Employed multiple machine learning models with Python, including simple Logistic Regression as baseline, Random Forest, and more complex boosting classifiers such as XGBoost.
Queried databases with SQLAlchemy in Python and loaded the results into Pandas DataFrames.
Routinely performed Stratified K-Fold Cross Validation on models for both model selection and model assessment.
Endlessly worked to engineer and test new features from data sources on Azure SQL Database to assist with models’ abilities to capture signals.
Applied dplyr in R to manipulate data and engineer features.
Harnessed L1 regularization to aid in feature selection
Performed Synthetic Minority Over-sampling Technique (SMOTE) and undersampling for this imbalanced binary classification task.
Wrote a custom loss function by applying weights to a binary cross entropy loss to address the issue of imbalanced data.
Explored the weights of the logistic regression model and the feature importance plots of the XGBoost model to explain and interpret results.
Visualized data and performed exploratory data analysis (EDA) with ggplot2 in R and Matplotlib/Seaborn in Python.
Operated with management to confirm data monezitation proposals were in line with Huntington’s objectives
Hosted the production model on Azure Virtual Machine to serve a Dashboard that aided credit risk analysts in their credit descisions.
Proprietary Stock & Option Trader
First New York Securities
West Palm Beach, FL July 2005 – November 2010
First New York Securities is a multi-stratgy investment firm headquarted in New York, NY, which implements strategies in equities, derivatives, fixed icome, currencies, commodities, and futures across global markets.

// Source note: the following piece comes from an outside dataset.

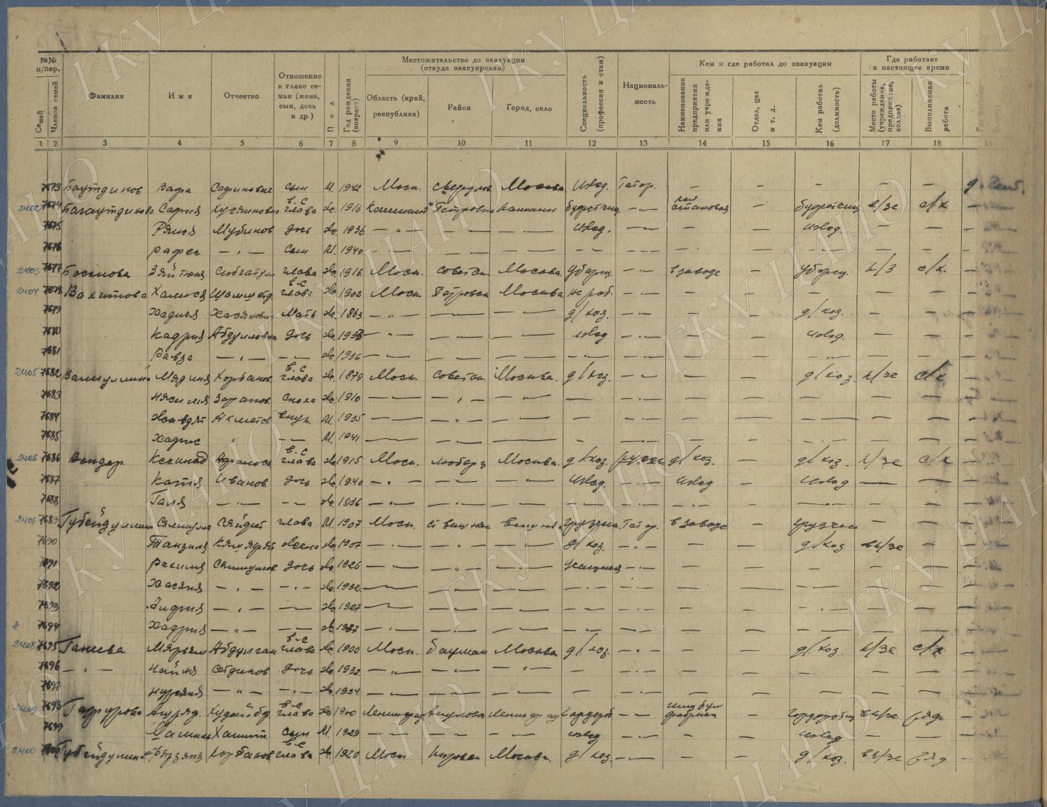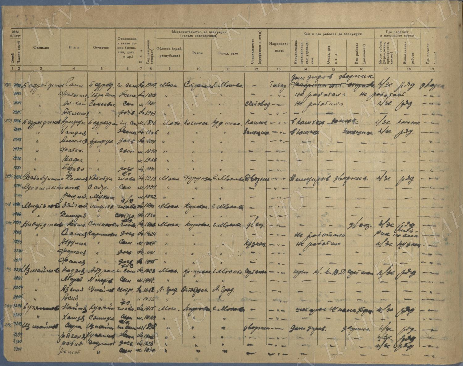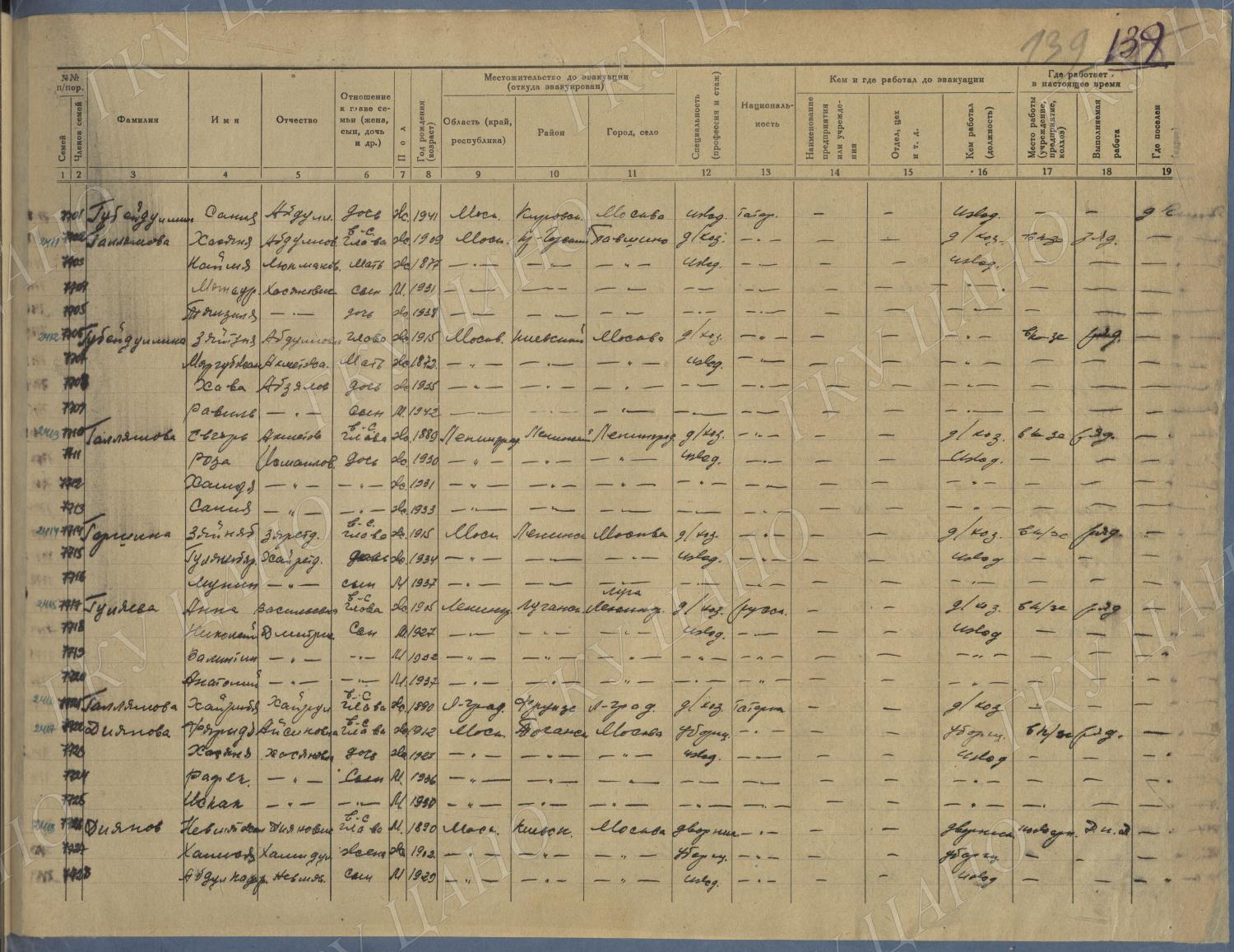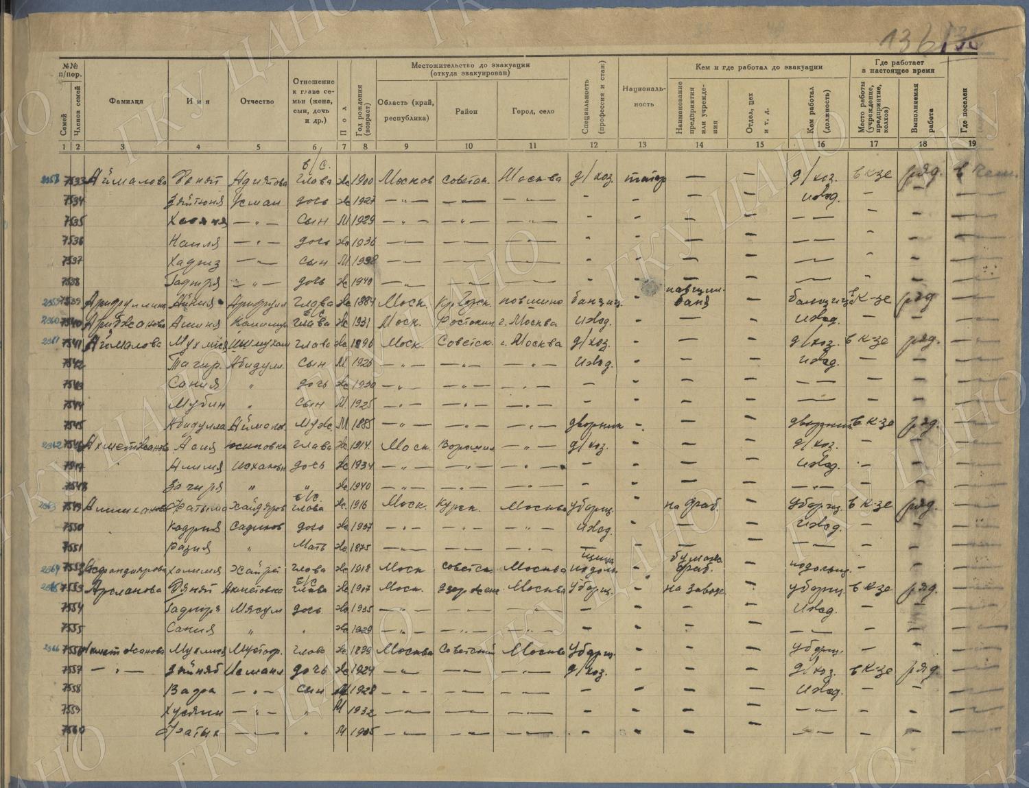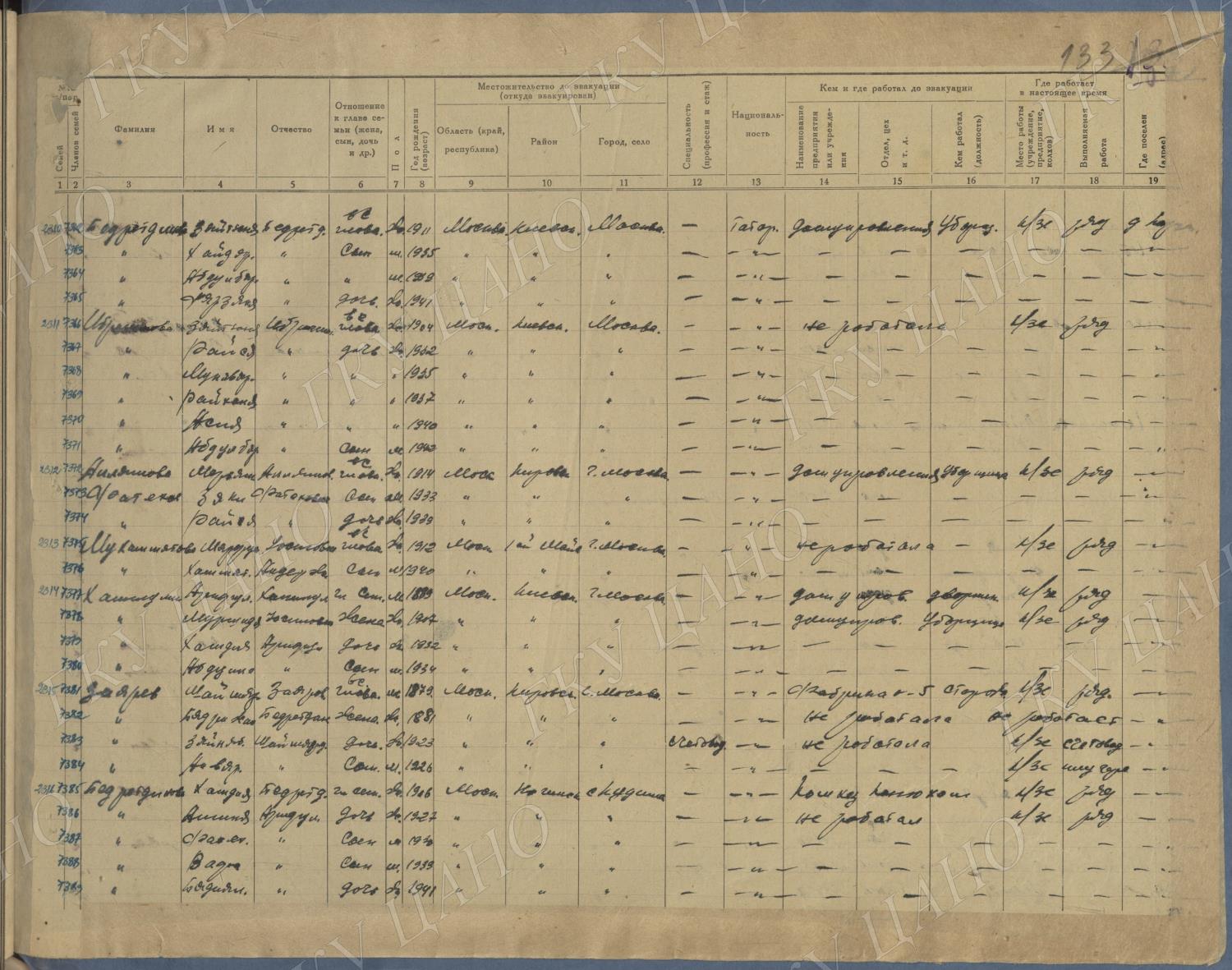 Ф. Р-5344. Оп. 1. Д. 83. Списки эвакуированных граждан, размещенных в городах и районах Горьковской области (районы на буквы «К» — «М»). 4 августа — 25 ноября 1943 г.

Was part of a team of traders trading equities and derivatives for the firm’s own account.
Generated $1.5 million in profits for firm during financial crisis (2008-2009) by adjusting time-holding of positions.
Built mathematical models with varying time-scales using StealthAlerts platform to filter securities of interest based on data analysis from previous, successful trades.

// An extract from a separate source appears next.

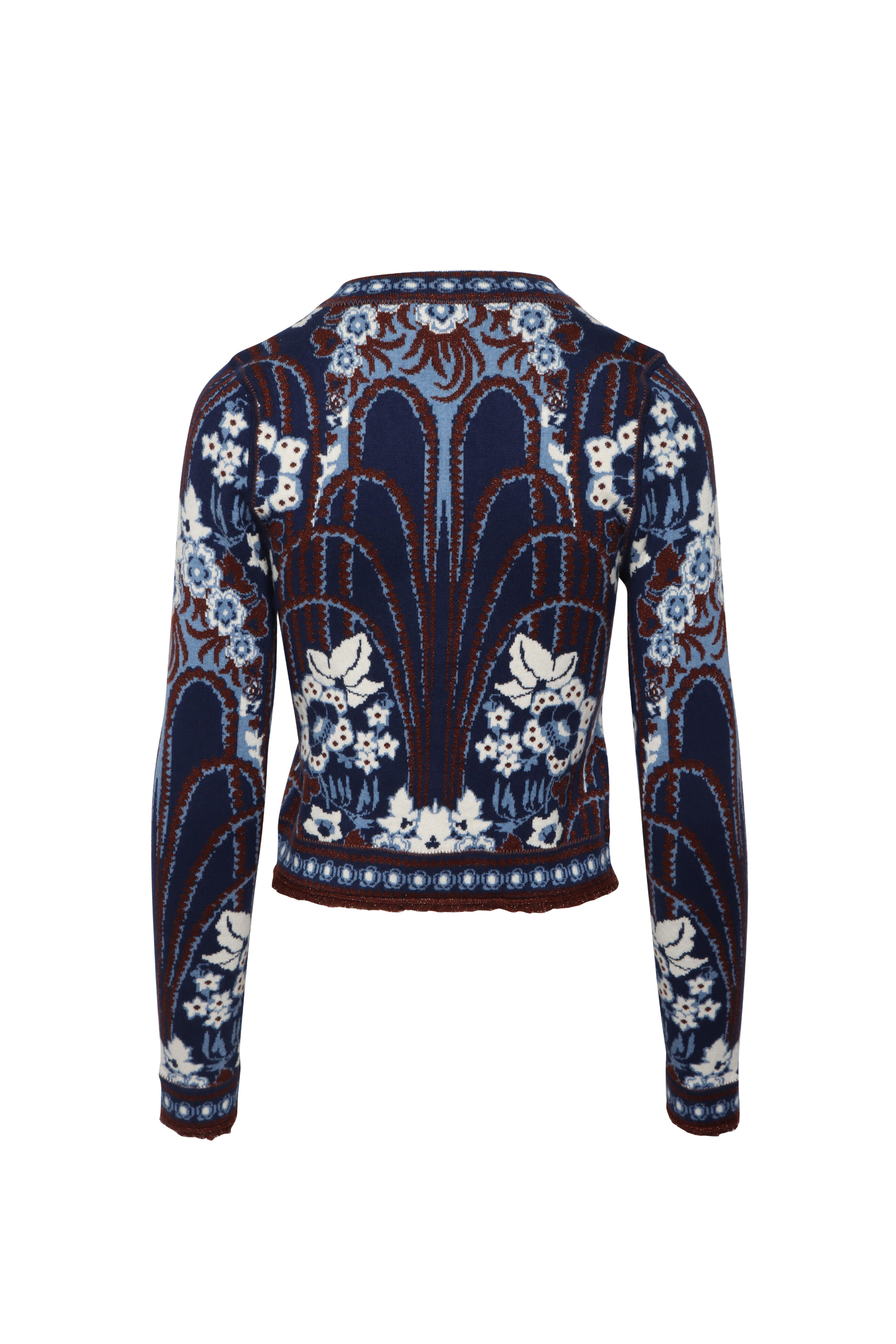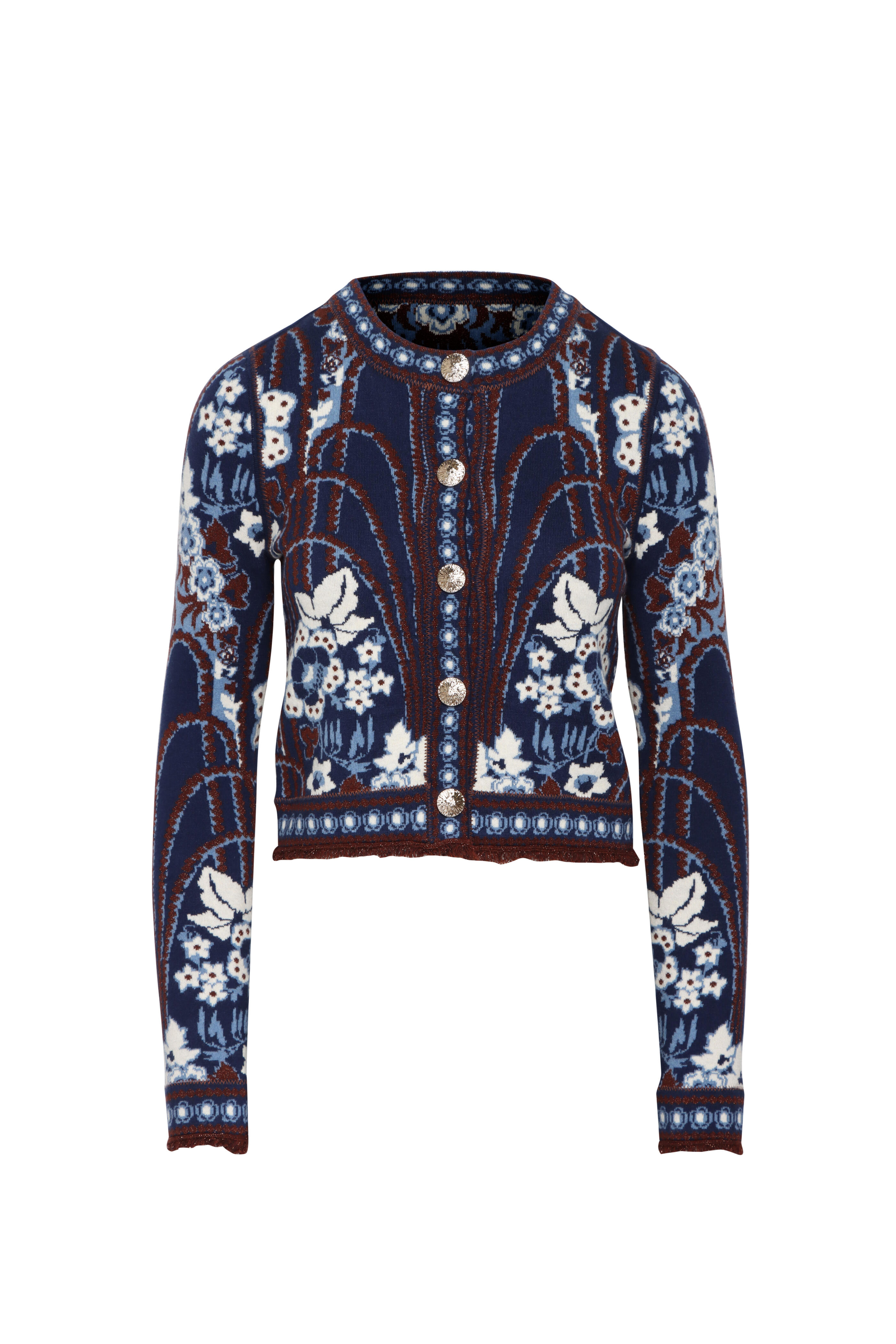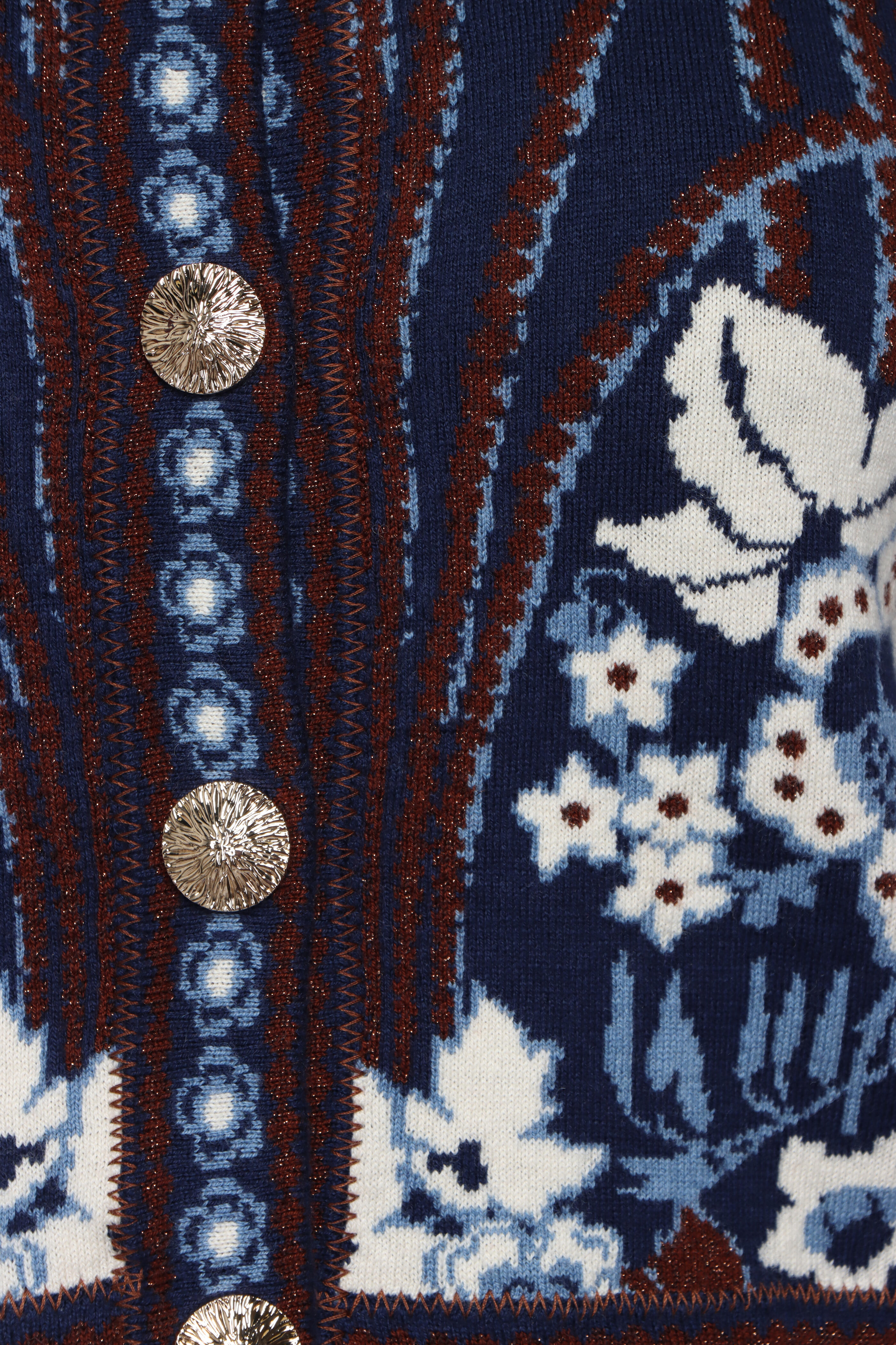 Round neck. Long sleeves. Front button closure. Tailored fit. Stretch jacquard fabrication. Imported. 54% merino wool, 43% cotton, 2% polyester, 1% metallic fibers. Dry clean.

Exploited trading secondary-offerings from pattern recognition that spawned increased profits for West Palm Beach office.
Mentored new and unproven traders on particular equities and trades, helped build good habits and acquire logical thought processes, leading to increased performance and profitability for company.
Awarded luxury trips for remaining one of the most profitable traders of the firm.